Heute bin ich selbst Mutter einer Tochter – und war bis vor kurzem ahnungslos, was ein Kinder-Jubiläum heutzutage bedeutet. Auf die Frage anderer Mamis, was wir denn am fünften Geburtstag meiner Kleinen planen würden, reagierte ich mit Achselzucken. Eine Reaktion, die am Kindergartenparkplatz Fassungslosigkeit hervorrief. Ich wurde erst einmal aufgeklärt.

Planung ist alles

Die Planung eines gelungenen Kindergeburtstages, so wurde mir mitgeteilt, benötige eine vier- bis sechswöchige Vorbereitungszeit. Mindestens. An Beispielen, die das belegen, mangelte es nicht: Helene war an ihrem Geburtstag mit einer zehnköpfigen Horde auf dem Ponyhof. Justus feierte den sechsten Geburtstag mit seinen 15 besten Freunden in einem Zirkuszelt – Kinderschminken, Zauberer und Luftballontiere inklusive. Und dann erst Jan-Lukas. Dessen Eltern haben einen halben Park für seinen Geburtstag angemietet. Was gab es da nicht alles: eine Hüpfburg (oder waren es zwei?), ein Jumbo-Bällebad und ein Zuckerwattestand – und das allein im Eingangsbereich.

Der richtige Ort – Verzeihung: die richtige Location – sei das A und O, bekam ich erklärt. Voll im Trend lägen derzeit Indoor-Spielplätze, Museen und Zirkuszelte. Oder ich solle es mal auf dieser alten Burg versuchen, auf der man dann den ganz privaten "Gespenstergeburtstag" feiern könne. Betreuung, Bewirtung, Bespaßung – alles als Komplettlösung buchbar. So spare man sich auch das Kuchen backen, Kinderbeaufsichtigen und das lästige Aufräumen danach.
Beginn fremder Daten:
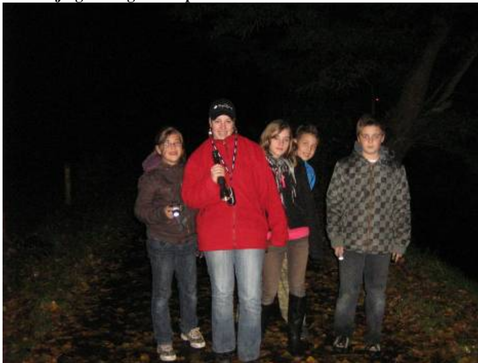
Ook werd er een dropping gehouden

Complimenten aan de jeugdcommissie, de vrijwilligers en de jeugdleden voor de goede organisatie.
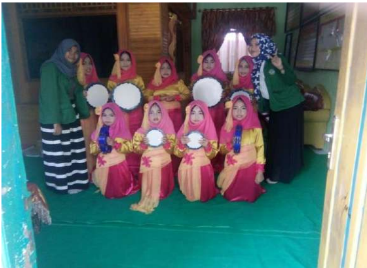
Grup Qasidah Desa Pitusunggu
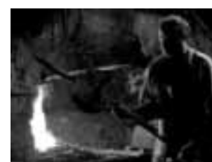
Bad Hindelang Hammerschmieden treffpunktdeutschland.de/bad-hindelang
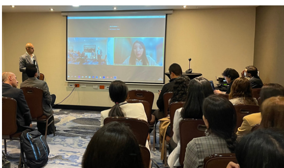
Presentación de Palma Futuro y de la Extractora El Roble

La Feria Comercial también contó con la participación de la Fundación Pasos Libres, la Cámara de Comercio de Bogotá, Global Reporting Initiative, Ulula y la Fundación Ideas para la Paz. Durante la jornada, también se llevó a cabo un panel de debate denominado 'Prácticas de negocios responsables en Colombia: la importancia de analizar políticas y prácticas y cómo hacerlo' en el que participaron representantes de Pacto Global Red Colombia, Business for Social Responsibility (BSR), la Asociación Nacional de Industriales (ANDI) y la Cámara de Comercio de Bogotá.
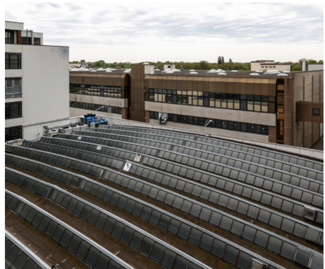
Abbildung 1: Shedhalle Verwaltungsbau, Blick auf Produktionswerk

Detaillierte Informationen zu den verfügbaren Flächen sowie weiteren Objektmerkmalen entnehmen Sie bitte dem Exposé auf unserer Homepage.

Mein hilf- und ratloses Gesicht wurde wohl so gedeutet, dass ich offensichtlich allein mit der Suche nach einer "Location" vollkommen überfordert sei. So rieten mir die geburtstagserprobten Kiga-Muttis, mich doch gleich an eine professionelle Kinder-Eventagentur zu wenden. Das Glück meiner kleinen Jubilarin sei in den Händen von Experten sowieso besser aufgehoben. Ich müsste den Geburtstag nur in Auftrag geben und bekäme daraufhin das passende Konzept präsentiert. An dieser Stelle läuteten bei mir die Alarmglocken: Kindergeburtstag und Konzept? Das kann doch keinen Spaß machen.

Tütenweise Stress

Am Abend saß ich dann immer noch ein wenig verwirrt am Küchentisch. Mamas von heute stemmen ganze Agenturen, organisieren Konferenzen und Messeauftritte, aber so eine Kindersause übersteigt ihre konzeptionellen Fähigkeiten? Und wie war das noch mal, an was muss ich alles denken? Kreative Einladungen. Passende Dekoration. Geeignete und farblich abgestimmte Geschenke für die Gäste, die man jetzt neudeutsch "give aways" nennt. Die Fragezeichen auf meiner Stirn wurden immer größer. Warum um alles in der Welt muss ich den eingeladenen Kindern am Ende der Party tütenweise Süßigkeiten und unnütze Geschenkartikel mit auf den Nachhauseweg geben?

Schokoküsse und Würstchen

Nach einer wild durchträumten Nacht, in der vor allem Hüpfburgen, unter Geschenke erstickende Kinder und Justin Bieber-Pappteller eine große Rolle spielten, wusste ich: Ich mache das nicht mit! Meine Tochter soll ihre Einladungen selber krakeln, Dekoration gibt es nicht, dafür Schokoküsse und Würstchen, Kuchen wird gebacken, Topfschlagen, Blinde Kuh, fertig. Und sonst nichts? Nein, sonst nichts.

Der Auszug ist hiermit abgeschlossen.